The historical interplay between value and growth stocks highlights the cyclical nature of market preferences, shaped by macroeconomic cycles & conditions, interest rates, and investor sentiment. With inflation stabilizing but interest rates remaining elevated—and markets pricing in a higher for longer level than initially anticipated—the focus has shifted toward value stocks. These stocks, particularly in sectors like energy, materials, healthcare, and consumer staples, are well-positioned to perform in such an environment due to their strong fundamentals and ability to deliver consistent returns amid tighter financial conditions. Moreover, the rise of artificial intelligence, widely seen as a driver of growth stocks,  adds a transformative layer to this dynamic.

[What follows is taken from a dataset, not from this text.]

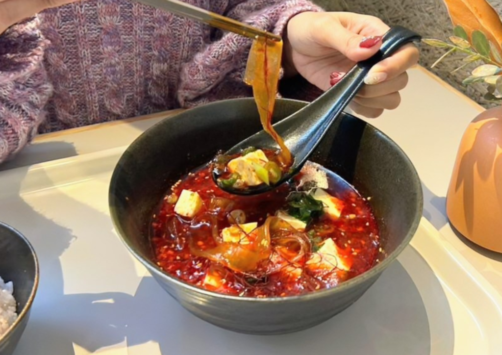『麻婆タンミョン』。濃厚スープが麺にしっかり絡む

AI applications in operational efficiency, cost reduction, and strategic decision-making are increasingly benefiting value stocks as well. This shift not only highlights AI's potential to drive innovation and boost margins but also underscores its ability to reinforce the stability that defines value investing.

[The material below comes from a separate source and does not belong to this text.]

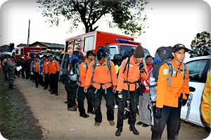 Bogor --- Kepala Kantor SAR Jakarta, I Ketut Parwa, S.H, M.M, selaku SAR Mission Coordinator kembali mengirim 2 Tim SAR gabungan yang berjumlah 804 personil guna mendukung tim yang sudah terlebih dahulu membuka akses menuju TKM (Tempat Kejadian Musibah). Tim ini yang selanjutnya akan membantu proses evakuasi korban dari TKM menuju Puncak SALAK I (2012 M) yang ditetapkan sebagai helipad untuk memudahkan proses evakuasi lewat jalur udara. Jalur darat yang telah direncanakan ternyata kurang efektif karena medan tang cukup terjal dan jauh sehingga bisa berlangsung cukup lama. Tim SAR Gabungan akhirnya tiba di TKM jatuhnnya pesawat Sukhoi Superjet 100 dan melihat kondisi pesawat yang sudah hancur. Tim langsung mengevakuasi korban yang ditemui di TKM dan memasukannya ke kantong mayat untuk dibawa menuju helipad di Puncak Salak I (2210 M) kemudian dilakukan pengangkatan korban oleh Helikopter Super PUMA TNI AU dan kemudian dibawa menuju helipad di Cijeruk untuk dibawa menuju Lanud Halim Perdana Kusumah. Tim SAR gabungan telah berhasil mengevakuasi 6 kantong mayat pada hari ini dan telah tiba di Lanud Halim Perdana Kusumah. Jumlah personil yang terlibat dalnm evakuasi ini berjumlah 947 personil yang berasal dari TNI, POLRI, BASARNAS, dan potensi serta relawan lainnya. Dan juga telah disiapkan SRU Udara berjumlah 3 unit diantaranya Helikopter Super Puma TNI AU, Helikopter Bolcow BO-105 BASARNAS, Helikopter PMI. (rml/hms).

Our renewed interest in value stocks underscores their key role in investment strategies. Historical data show that periods of relative undervaluation often precede value stock outperformance, especially during times of sustained high interest rates. As investors seek stability and reliable income, value stocks currently present a compelling opportunity for long-term portfolio diversification and growth.

The insights drawn from these observations are rooted in historical data and established patterns, but the future remains inherently uncertain. Market dynamics are influenced by a myriad of unpredictable factors, including technological advancements, geopolitical events, and changes in consumer behavior. It is important when times are good to consider hedges against volatility and positions that may benefit from a wider range of market outcomes. This type of tactical periodic diversification can create a sound aspect of risk management in an investment strategy.

We're likely entering a period where both growth and value strategies can thrive.  The AI revolution isn't just about tech companies – it's transforming value stocks too. The winners won't only be the companies creating AI technology, but also those using it most effectively to improve their businesses.